Johannesburg Metro Police Department recorded more than 340 hijacking-related incidents between Saturday 27 June and Thursday 3 July — a 28 percent jump on the same rolling seven-day period last year, according to JMPD operational data reviewed by The Daily Johannesburg. Armed robbery call-outs ran concurrently, with private response companies reporting dispatch queues stretching past 20 minutes at peak times on Tuesday night.
The surge matters now because it lands during the mid-year school holiday period, when traffic patterns change and more families are on the roads after dark. Security analysts who track crime cycles in Gauteng note that hijacking syndicates typically intensify operations when courts are processing backlogged cases — and the Johannesburg High Court on Pritchard Street has been working through a six-month roll of organised-crime dockets since January, keeping several known syndicate foot soldiers on remand rather than sentenced and jailed.
Where incidents are clustering
The Sandton CBD and the William Nicol Drive corridor recorded the highest density of carjackings this week — 47 confirmed cases in five days, according to the JMPD morning briefs. Braamfontein, near the Wits University precinct, saw a string of armed robberies targeting pedestrians on De Korte Street late on Wednesday evening. Soweto's Dobsonville and Meadowlands zones reported a combined 31 hijackings, with the N14 on-ramp at Dobsonville among the flagged hotspots. Community policing forums in Dobsonville held an emergency meeting on Wednesday night, calling on the South African Police Service's Gauteng Organised Crime Unit to deploy additional plainclothes units along the route.

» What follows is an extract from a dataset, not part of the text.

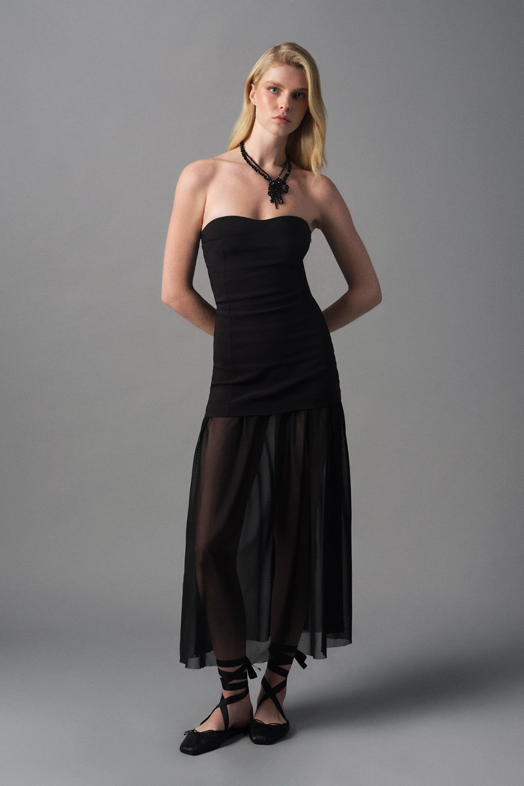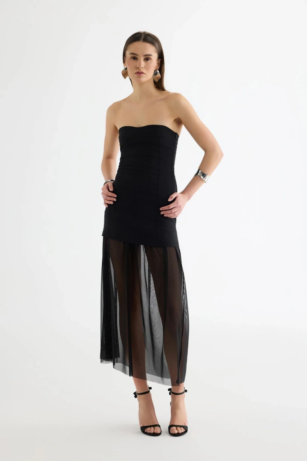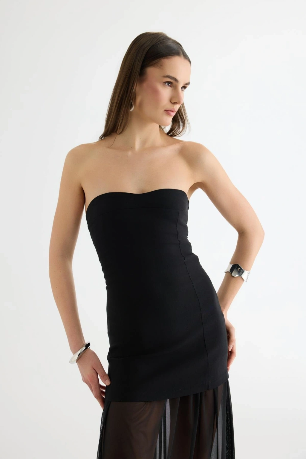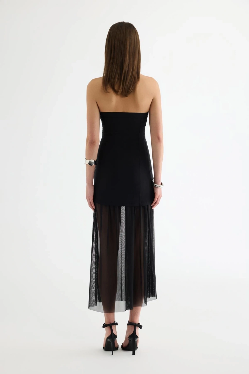 Tül Matchli Elbise Siyah

The Alexandra township feeder roads off Wynberg have also seen a spike. Tracker, one of the country's largest vehicle-recovery companies, told subscribers in an SMS alert on Wednesday that its Johannesburg North recovery teams had logged 19 activations in 48 hours — nearly double a normal mid-week figure. The company urged clients to avoid stopping on Louis Botha Avenue after 8 p.m.

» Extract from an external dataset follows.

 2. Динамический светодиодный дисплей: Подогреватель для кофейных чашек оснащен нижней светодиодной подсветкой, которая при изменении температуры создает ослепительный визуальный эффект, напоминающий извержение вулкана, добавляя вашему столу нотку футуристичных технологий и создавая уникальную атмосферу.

The ANC-DA coalition running Gauteng province has faced sharp questions this week about the pace of the Metro Police's Operation Shanela, an ongoing anti-hijacking initiative launched in March 2026 with a stated target of reducing vehicle crime by 15 percent before year-end. Critics from the DA's Johannesburg caucus argued in a statement on Thursday that the operation's R42-million budget has not translated into visible night-time deployments on the identified corridors.
What the data shows — and what residents can do
South Africa's most recent national crime statistics, released by SAPS in September 2025, put Gauteng's hijacking count at 11,500 incidents for the 2024–25 financial year — the highest of any province and a 14 percent increase on the prior year. The current week's numbers suggest the trend has not reversed. Insurance industry data compiled by the South African Insurance Association puts the average vehicle claim for a hijacked car at R380,000, straining both household finances and short-term insurer loss ratios.
Zimbabwe and Mozambique-origin syndicates — a pattern documented by the Hawks' Serious Organised Crime Investigation unit in a 2025 briefing to parliament — have been linked to at least a third of recovered stolen vehicles in Johannesburg North over the past year. The vehicles are typically moved within six hours of theft, often crossing the Beit Bridge border before a recovery unit can intercept.
Security consultants advising Joburg businesses recommend varying travel times on predictable daily routes, avoiding low-light intersections on roads like Beyers Naudé Drive and ensuring tracker subscriptions are current and linked to live-monitoring services rather than passive GPS logs. The JMPD's public safety line — 011 375 5911 — has been receiving between 600 and 800 calls per day this week, and operators are asking callers to have vehicle registration numbers ready to accelerate dispatch. Residents in the most affected zones have been urged to submit hotspot tip-offs through the department's newly relaunched WhatsApp community channel, active since May 2026.